Degiannis D, Luke-Gustites D, Mikhail N, Raska K, Raskova J
University Diagnostic Laboratories, University of Medicine and Dentistry, New Jersey-Robert Wood Johnson Medical School, Piscataway 08854.
Transplantation. 1992 Aug;54(2):308-12. doi: 10.1097/00007890-199208000-00021.

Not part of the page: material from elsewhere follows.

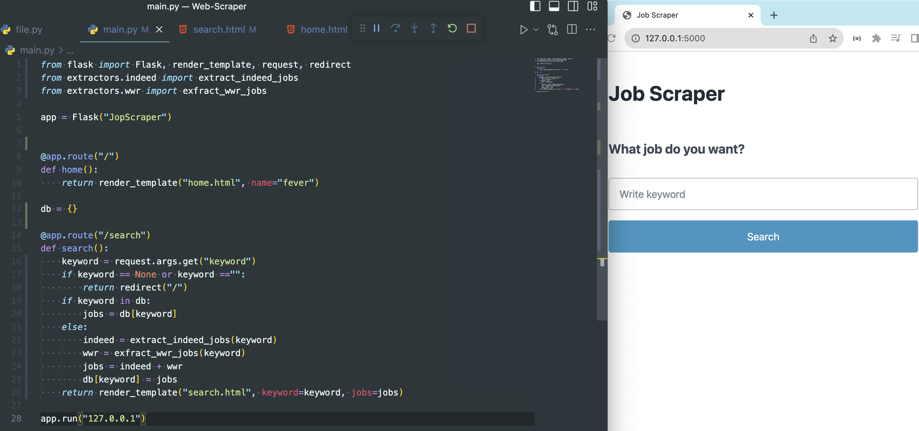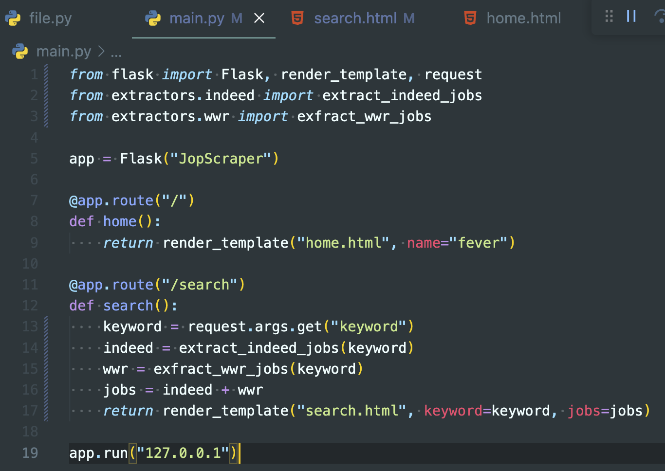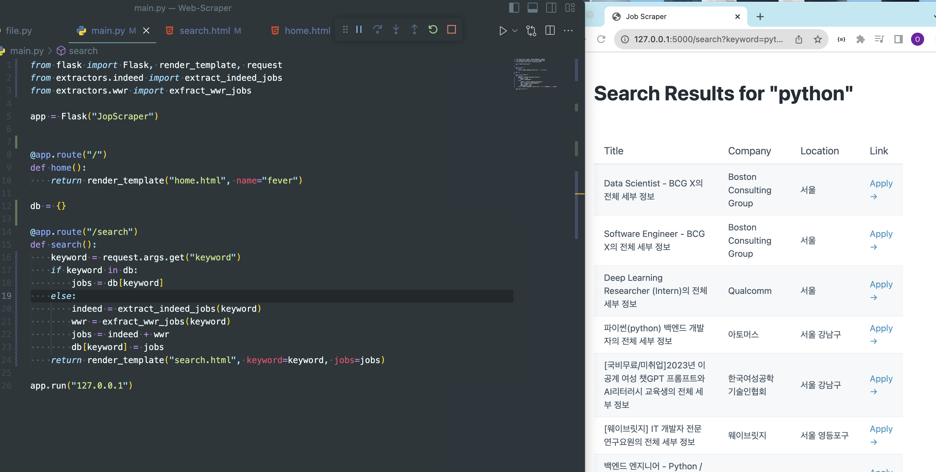 - 기존 방식과 동일하게 indeed, wwr변수를 만들어서 실행함수에 키워드를 전달한다.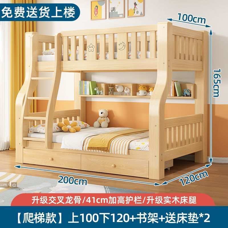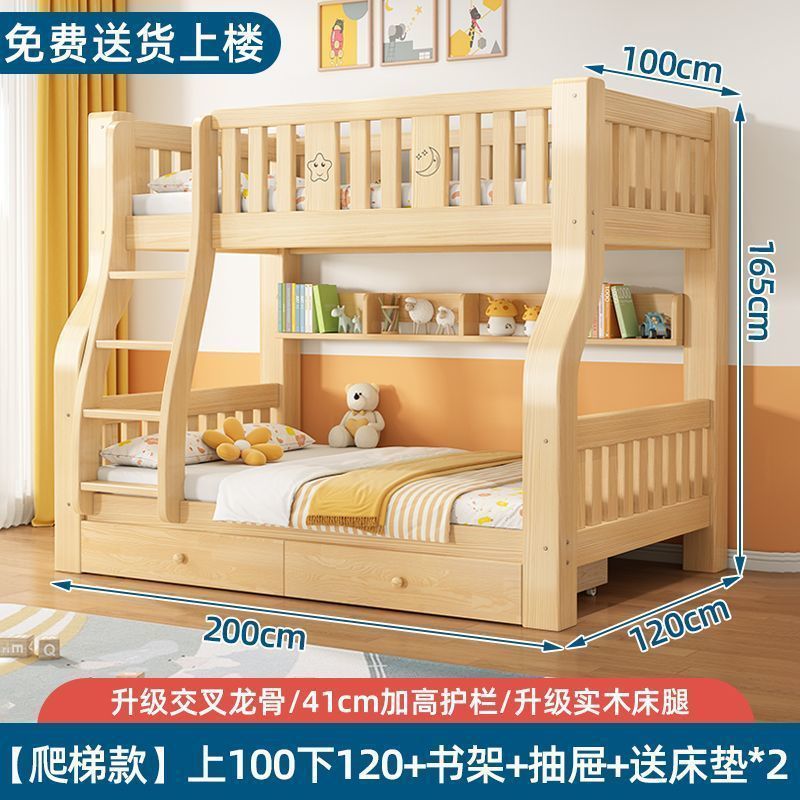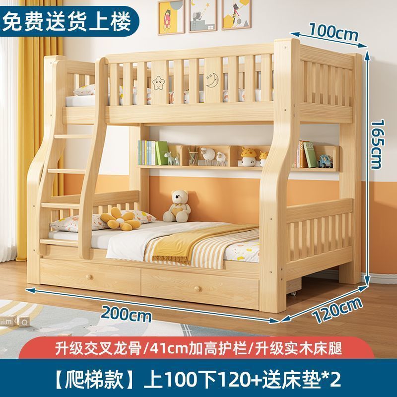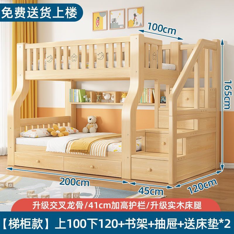 원목 이층침대, 2층 어린이침대, 소형 가정용 2층 다기능 높낮이 침대, 이층침대 Amazon

We studied the effect of cyclosporine A, prednisolone, and the Ca2+ channel blocker verapamil on interleukin-6 binding to mitogen-activated peripheral blood mononuclear cells, using a flow cytometric technique and phycoerythrin-conjugated IL-6. All mitogenic stimuli up-regulated IL-6 binding to a variable degree. PHA alone or in combination with PMA was the most effective stimulant in up-regulating IL-6 binding in all the experiments performed. The main changes in IL-6 binding were seen in the large cell cluster, which consisted mainly of lymphoblasts. PHA and PHA/PMA, however, also up-regulated the mean fluorescence intensity on the small cell cluster, which consisted mainly of quiescent lymphocytes. The overall effect of the three pharmacological agents on mitogen-up-regulated IL-6 binding was minimal; most significant were a down-regulation by all three agents of IL-6 binding by small lymphocytes in PHA/PMA cultures, a down-regulation of IL-6 binding by CsA in PHA/PMA-induced large PBMC, and an up-regulation by verapamil of PMA-induced IL-6 binding in large PBMC. Measurements of IL-2 binding and of IL-6 production in the same cultures showed a different pattern than that seen with IL-6 binding, as well as different CsA, prednisolone, and verapamil action. In conclusion, by using a new flow cytometric technique providing information both about the quantity of bound cytokine and about the proportion of IL-6-binding cells, we have demonstrated that IL-6 receptor expression in vitro by PBMC can be up-regulated by the use of stimulants differing in the signal transduction pathways they activate. In addition, by using different pharmacological agents and stimuli to dissect different activation pathways of the in vitro immune response, we conclude that IL-6R generation is regulated differently from IL-6 production. Furthermore, since CsA and prednisolone are known inhibitors of in vitro IL-2 production, our results indicate that IL-6R generation does not rely exclusively on the presence of IL-2.
我们使用流式细胞术和藻红蛋白偶联的白细胞介素-6(IL-6),研究了环孢素A、泼尼松龙和钙离子通道阻滞剂维拉帕米对IL-6与丝裂原激活的外周血单个核细胞结合的影响。所有促有丝分裂刺激均不同程度地上调了IL-6的结合。在所有进行的实验中,单独使用PHA或与PMA联合使用是上调IL-6结合最有效的刺激物。IL-6结合的主要变化见于主要由淋巴母细胞组成的大细胞群。然而,PHA和PHA/PMA也上调了主要由静止淋巴细胞组成的小细胞群的平均荧光强度。这三种药物对丝裂原上调的IL-6结合的总体影响很小;最显著的是,在PHA/PMA培养物中,这三种药物均下调了小淋巴细胞的IL-6结合,环孢素A在PHA/PMA诱导的大的外周血单个核细胞(PBMC)中下调了IL-6结合,而维拉帕米在大的PBMC中上调了PMA诱导的IL-6结合。在相同培养物中对IL-2结合和IL-6产生的测量显示出与IL-6结合不同的模式,以及环孢素A、泼尼松龙和维拉帕米的不同作用。总之,通过使用一种新的流式细胞术技术,该技术既能提供关于结合的细胞因子数量的信息,又能提供关于IL-6结合细胞比例的信息,我们证明了PBMC在体外的IL-6受体表达可通过使用激活不同信号转导途径的刺激物而上调。此外,通过使用不同的药物和刺激物来剖析体外免疫反应的不同激活途径,我们得出结论,IL-6受体的产生与IL-6的产生受到不同的调节。此外,由于环孢素A和泼尼松龙是已知的体外IL-2产生的抑制剂,我们的结果表明IL-6受体的产生并不完全依赖于IL-2的存在。